Last May, Trent Bunderson and Chris Pannkuk conducted an informal food price survey in Malawi and Afghanistan. Bunderson, a project associate with Washington State University’s International Programs, has worked in Africa for more than 25 years with local farmers on agronomic and agroforestry projects. Pannkuk is director of international research for WSU. At the time, he was wrapping up a project in eastern Afghanistan that promoted alternative livelihoods to the prevalent opium poppy production.

Bunderson and Pannkuk found that in the local markets, where most people of those regions generally buy their food, the price of staple foods had doubled since January.

“We asked them why” says Pannkuk. “They said, ‘we’re not storing it here.'” Thus, local populations are dependent on merchants bringing the staples in from other areas. Farmers sell their excess crop at harvest, and small traders bring staples back as needed, at inflated costs.

In other words, those local markets in Malawi and Afghanistan are feeling the same reverberations in the world food markets that you felt last week at the grocery store–though considerably more directly.

Certainly, comparing food prices in Malawi, Afghanistan, and Seattle is something like comparing the role of, say, either Pacific salmon or cassava in the respective economies and diets.

For one thing, according to the United Nation’s Food and Agriculture Organization (FAO), people throughout the developing world typically spend 60 percent of their incomes on food. In the United States that number is less than 10 percent. In July 2008, the FAO’s food price index was 37 percent higher than a year before.

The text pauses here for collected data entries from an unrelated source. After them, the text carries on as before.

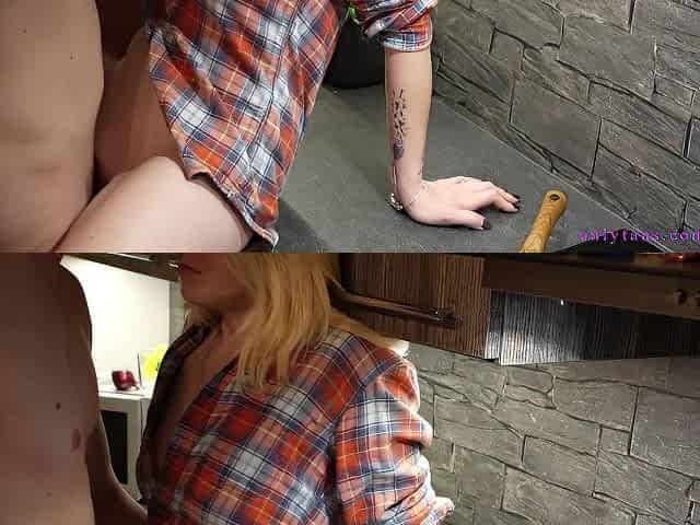 Teen gets many screaming orgasms and deep creampie while trying to get pregnant in kitchen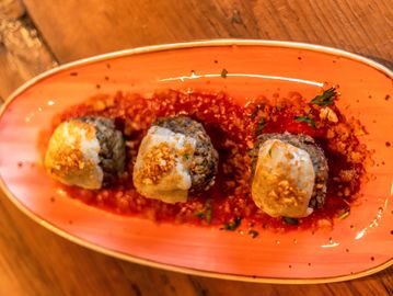 Lamb meatballs, preserved tomato sauce, manchego cheese
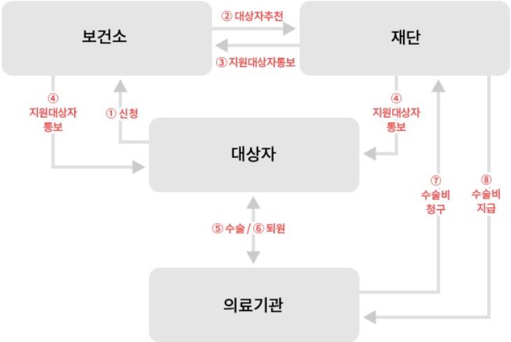 검사비와 진료비 및 수술비까지 지원범위에 포함됩니다.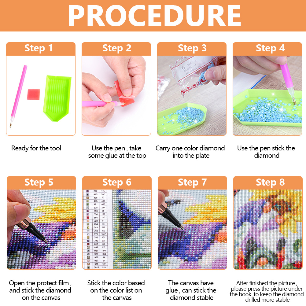 Our Diamond Painting kits include a canvas and a set of painting tools (Pen, Tray, Wax , Rhinestones)【Without Frame】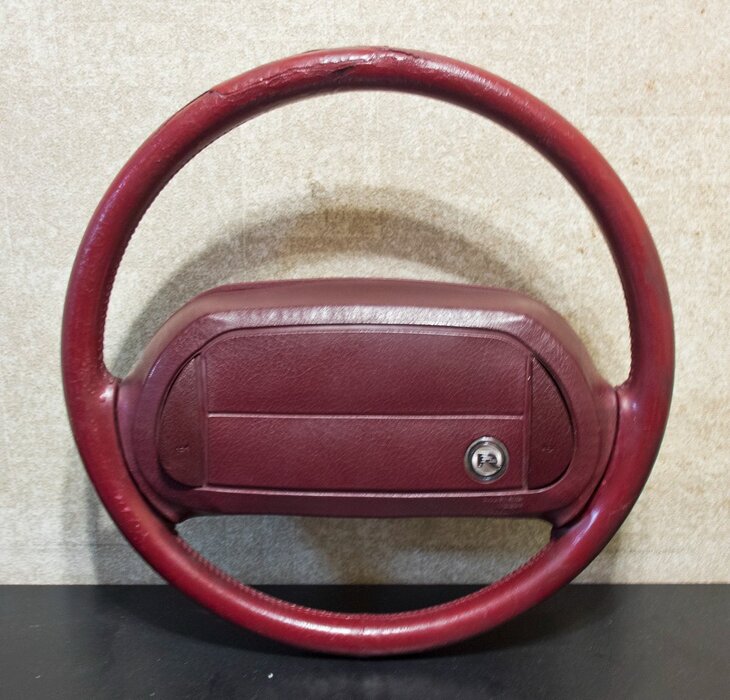 I've started working on the interior bits while I sort out electrical issues, and thought I'd share. I finished working on the steering wheel with freshly wrapped leather and I repainted the steering wheel badge and added a little highlighting for the airbag (to quell some worries from family- now they can READ that it has the airbag!) The badge was airbrushed with a layer of gold then translucent yellow and orange and a paint marker for the black parts.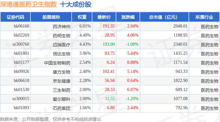 深港通医药卫生(983023)指数十大成份股详情如下: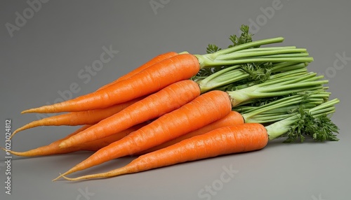 Vibrant orange carrots artfully arranged on a neutral background, highlighting their texture

In contrast, food prices overall in the United States rose less than six percent over the same period. That relatively modest rise was a result of retailers absorbing much of the increase in commodity prices. Wheat, for example, was up over 80 percent, soybeans 73 percent, corn 47 percent, peas 63 percent, rice 50 percent, and lentils 148 percent.

One of many (and certainly the most argued) factors leading to worldwide price volatility is biofuel, particularly ethanol. Although biofuels, petroleum substitutes made from plant biomass, tend to get lumped together in the public mind, sources are quite different. Ethanol, a gasoline substitute made from corn, seems to be the primary culprit in the elevation of food prices, as corn–and high-fructose corn syrup–is ubiquitous in our processed foods. In Africa, corn (maize) prevails as a fundamental staple. Pankkuk worries that Malawi and Tanzania will succumb to the temptation of ethanol, diverting grain into energy production. That really would affect food prices, he says.

“I’m no apologist for ethanol” says WSU natural resource economist Jon Yoder, who directs a Washington Legislature-assigned study of the potential biofuels market in the state.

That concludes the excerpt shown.